- Also known as: HTH
- Genre: Variety show Game show
- Developed by: TV5 Entertainment Division Viva Communications
- Directed by: GB Sampedro
- Presented by: Various "Kapatid" and "VIVA Artist" stars
- Opening theme: "Happy Truck HAPPinas" by Ogie Alcasid and Janno Gibbs
- Country of origin: Philippines
- Original language: Filipino
- No. of episodes: 9

Production
- Production locations: TV5 Studio A Novaliches, Quezon City
- Camera setup: Multi-camera setup
- Running time: 2 hours
- Production companies: TV5 Entertainment Group Viva Television

Original release
- Network: TV5
- Release: March 6 – May 1, 2016

Related
- Happy Truck ng Bayan; HAPPinas Happy Hour Sunday Noontime Live!;

= Happy Truck HAPPinas =

2016 Philippine defunct television variety show

Happy Truck HAPPinas is a Philippine television variety show broadcast by TV5. It aired from March 6 to May 1, 2016, replacing Movie Max 5 and was replaced by Movie Max 5. It is mainly presented by Ogie Alcasid, Janno Gibbs, Derek Ramsay, Tuesday Vargas, and Kim Idol. The show is airing every Sunday, 11:00am to 1:00pm on TV5, and it is the biggest project to date this year by the network and hosted by majority of the network's bunch of talents collectively known as "HappyPeeps".

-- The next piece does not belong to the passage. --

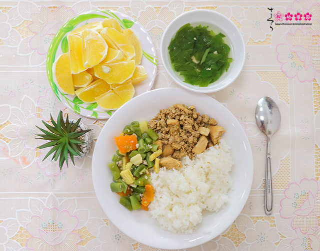 Tại Sakura Montessori, chúng tôi đã xây dựng thực đơn theo nguyên tắc phối hợp nhiều loại thực phẩm và các món ăn ít lặp lại trong tuần và trong tháng, để đa dạng hóa bữa ăn tránh nhàm chán cân đối giữa nguồn động vật và thực vật. Thông thường 1 ngày ăn đều có ít nhất 2-3 loại thực phẩm cung cấp chất đạm, 3-5 loại rau củ.

Competed against long-time rivals ASAP of ABS-CBN and Sunday PinaSaya of GMA Network, it serve as the replacement of former show, Happy Truck ng Bayan, whom it was the brainchild project of former TV5's Entertainment Division Head, Wilma Galvante, until she resigned on her position. HTH also served as drive for advertisers and sponsors thru on-ground and below-the-line activation events and pluggings for the network's new shows.

==Hosts==
- Derek Ramsay
- Tuesday Vargas
- Kim Idol
- Shy Carlos
- Empoy
- Alwyn Uytingco
- Eula Caballero
- Mark Neumann

===Former hosts===
- Alonzo Muhlach
- Ogie Alcasid
- Sam Pinto
- Gelli de Belen
- Ritz Azul
- Yassi Pressman
- Meg Imperial
- Roxanne Barcelo
- Ella Cruz
- Janno Gibbs

===Featuring===
- Sexbomb Girls

===Sugar and Spice===
- Jessie Salvador
- Nathalie Colipano
- Jasmine Hollingworth
- Nicole Omillo
- Issa Pressman

===YOLOL===
- Akihiro Blanco
- Andrew Muhlach
- VJ Marquez
- Jason Salvador
- Owy Posadas
- Jack Reid

==Segments==
===Linggo Limbo===
“Linggo Limbo" is a warm-up game, where the five best limbo rock performers will be chosen by Ogie and Janno to advance in the portion's next level. Each “Linggo Limbo” level correspondents to a cash prize.